Resource prioritization should be given to activities that will provide value or protection to the patient.“If a process exhibits high process capability, there’s no patient benefit to chasing variability that has negligible safety or efficacy implications. In such cases, patient needs are better served by resources spent on new product development, and less capable processes,” she notes.
Finally, she says, there needs to be a focus on activities that will add value to the patient. Some companies have developed LSS approaches incorporating the best elements of both DMAIC and Lean. Amgen, for example, took an approach that focused on process monitoring, incorporating elements of Lean, and setting targets for process capability to improve individual process performance and reduce cycle time as well as overall waste (2).

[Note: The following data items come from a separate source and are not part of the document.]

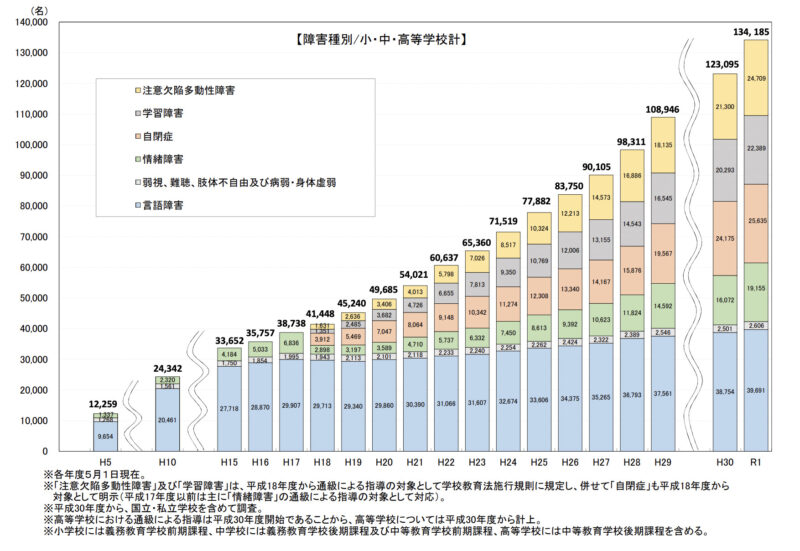 少子化の一方で、障害を抱える子どもの数は年々増えています(グラフ:文部科学省「特別教育支援資料(令和元年度)」)。子どもが0歳で入園したときは、その子に障害があるかどうかはわかりませんが、3歳児検診の頃から周囲の子と比べて発達に気になる部分が見られてくる子が出てきます。このように、子どもによって発達段階が異なってくる中で、1つのクラスを運営していくには、1人ひとりの子どもの発達の特性を見極める必要があることから、ベテラン保育士でも、手探りで模索しながら保育をしているという現実があります。
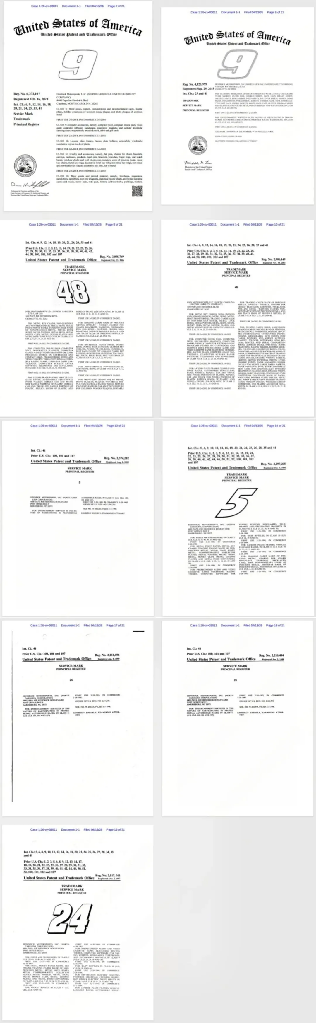 原告HMS HOLDINGS LLC为NASCAR传奇车队Hendrick Motorsports的运营主体,1984年由Rick Hendrick创立于美国北卡州 。作为NASCAR杯赛史上最成功车队,累计斩获15次车手/车队总冠军、超320场胜利,主营品牌推广、营销与商标授权,赛事IP价值极高。
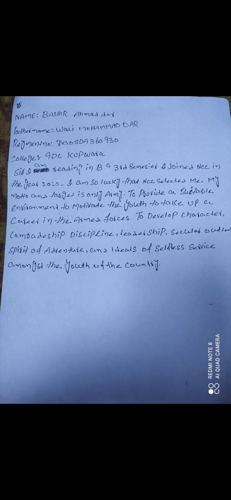 Bashir Ah Far Cadet 3j&k BN NCC Baramulla Jk20SDA/360930 GDC KUPWARA
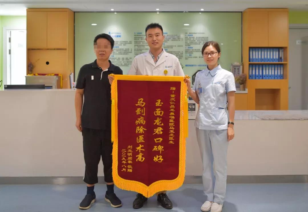 日前,重庆仁品耳鼻喉医院一病区19床患者刘老师将一面印有“玉面龙君口碑好、马到病除医术高”的“藏名”锦旗送到马玉龙主任手中,再三感谢马主任医品好、人品好、医术高,对医护人员的精心治疗和优质服务也是连连称赞,并称这次看病还解除了他对非公立医院的误会!
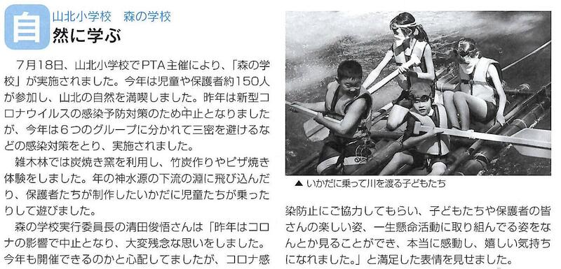 広報「ぎょくとう」9月号に、PTA主催による「森の学校」についての記事が掲載されました。
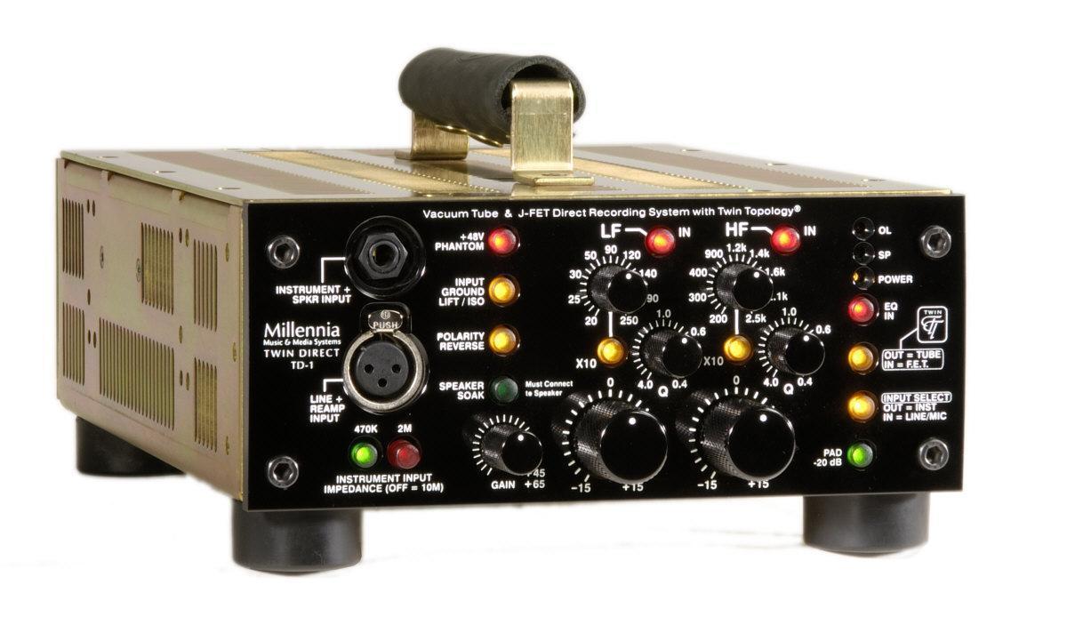 The Millennia TD-1 is a half-rack, single channel Class A recording system offering dual REAMP outputs, selectable impedances, nine outputs, fully parametric EQ, Speaker Soak, HV-3 mic preamp with 65 dB gain, nine outputs, three transformers. Twin Topology DI.
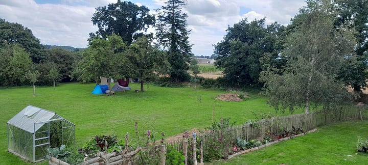 Ik woon vlak bij Mont Saint Michel en heb een prachtig stenen huis. Ik bied aan om tenten te plaatsen in mijn grote, zeer rustige tuin. Ik heb een droogtoilet en een zonnedouche gemaakt. Er zijn veel rustplekken beschikbaar. BBQ, Drinkwater, Warm water, Eettafel, Vuurkorf, Hangmat, Sfeerverlichting, Toilet, Warme douche, Elektriciteit, Telefoon oplaadpunt, Huisdieren toegestaan, Parkeren op het terrein, Uitzicht op de velden, Uitzicht op zonsopgang, Uitzicht op zonsondergang, Buiten zitgedeelte, Picknicktafel, Afvalverwerking, Fietsenstalling
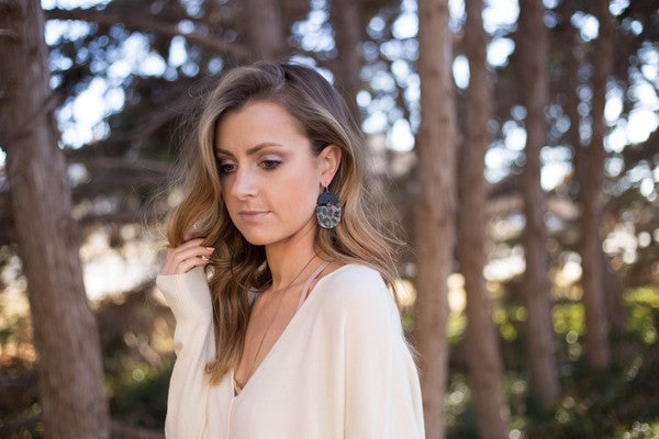 These deco earrings are a Baubles by B exclusive statement earrings. Lightweight wood and acrylic in eye catching shapes make these a stunner
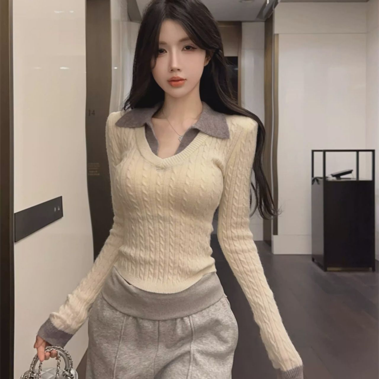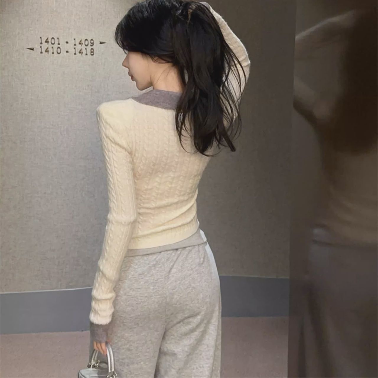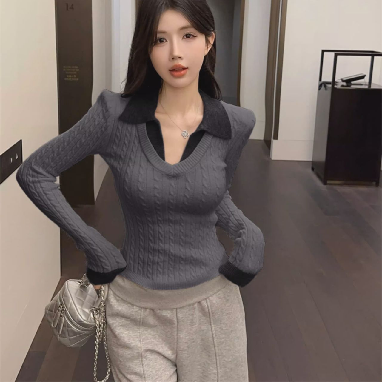 骨格ウェーブ レイヤード風ポロニット ケーブル編み
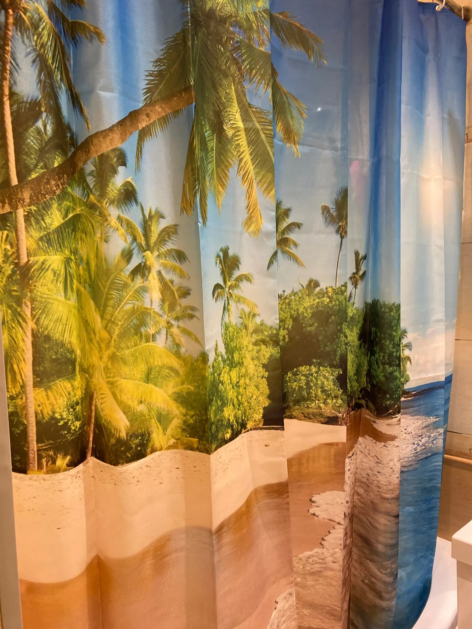 Занавеска для душа с кокосовой пальмой, водонепроницаемая, с крючками, морское море, пляж; Морские волны
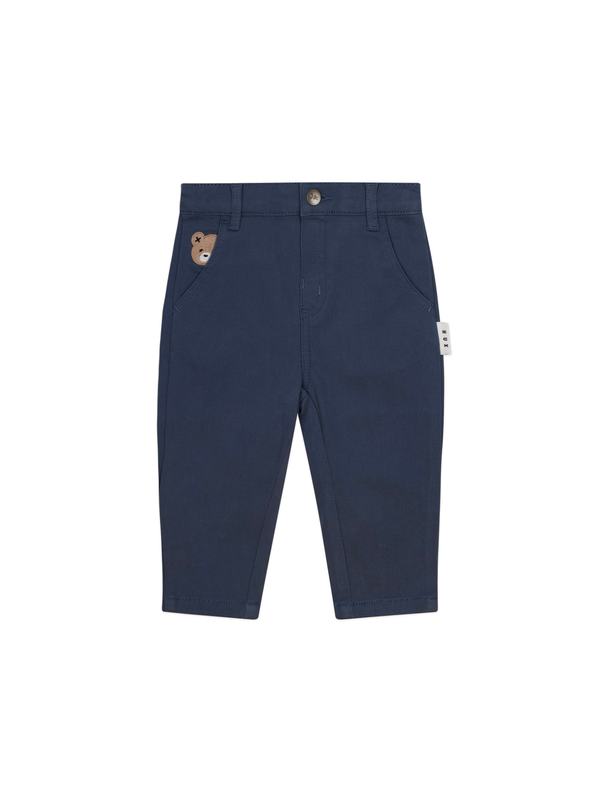 The perfect chino pant for any occasion. Dress them up or down. Made from a velvety soft, brushed cotton twill, they feature a peeping Huxbear embroidery on the pocket and an internal button waistband and belt loops for adjustable wear. Zipper fly on sizes 4 and up.
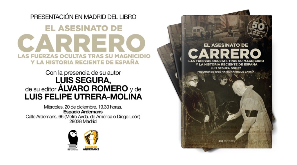 El 20 de diciembre de 1973 murió en el centro de Madrid, víctima de un atentado ostentoso y brutal, el que por entonces era el presidente del gobierno español, Luis Carrero Blanco. Cincuenta años han pasado ya desde entonces. Con la perspectiva histórica que nos proporcionan los años transcurridos, podemos apreciar las consecuencias del magnicidio, así como llamar la atención sobre hechos, documentos y circunstancias que permiten esclarecer aquel oscuro episodio, siendo posible afirmar con bastante precisión quién atentó contra la vida de Carrero, quién indujo el crimen y qué motivaciones tuvo. Después de dos años de laboriosa investigación, consultando archivos, hemerotecas y publicaciones bibliográficas diversas, la editorial SND Editores decidió publicar mi último trabajo: El asesinato de Carrero. Las fuerzas ocultas tras su magnicidio y la historia reciente de España, con prólogo del coronel José María Manrique, para el que este libro «es un libro valiente en el sentido pleno, que va a las causas y las señala, por muy raro, e incorrecto políticamente, que sea eso hoy en día (…) Un libro que aúna magistralmente una visión esjatológica de la Metahistoria con los hitos de las nuevas vivencias contemporáneas».

1. L. Yu and M. Kopcha, International Journal of Pharmaceutics, 528 (2017), pp. 354-359 (June 2017).
2. M. Van Trieste, “The Journey from Good to Great: Process Monitoring Leads to Improving Product Quality,” paper presented at the Second Annual FDA/PQRI Conference, October 5, 2015.
Vol. 41, No. 10
When referring to this article, please cite it as A. Shanley, “Reinventing Lean Six Sigma for the Pharmaceutical Industry," Pharmaceutical Technology 41 (10) 2017.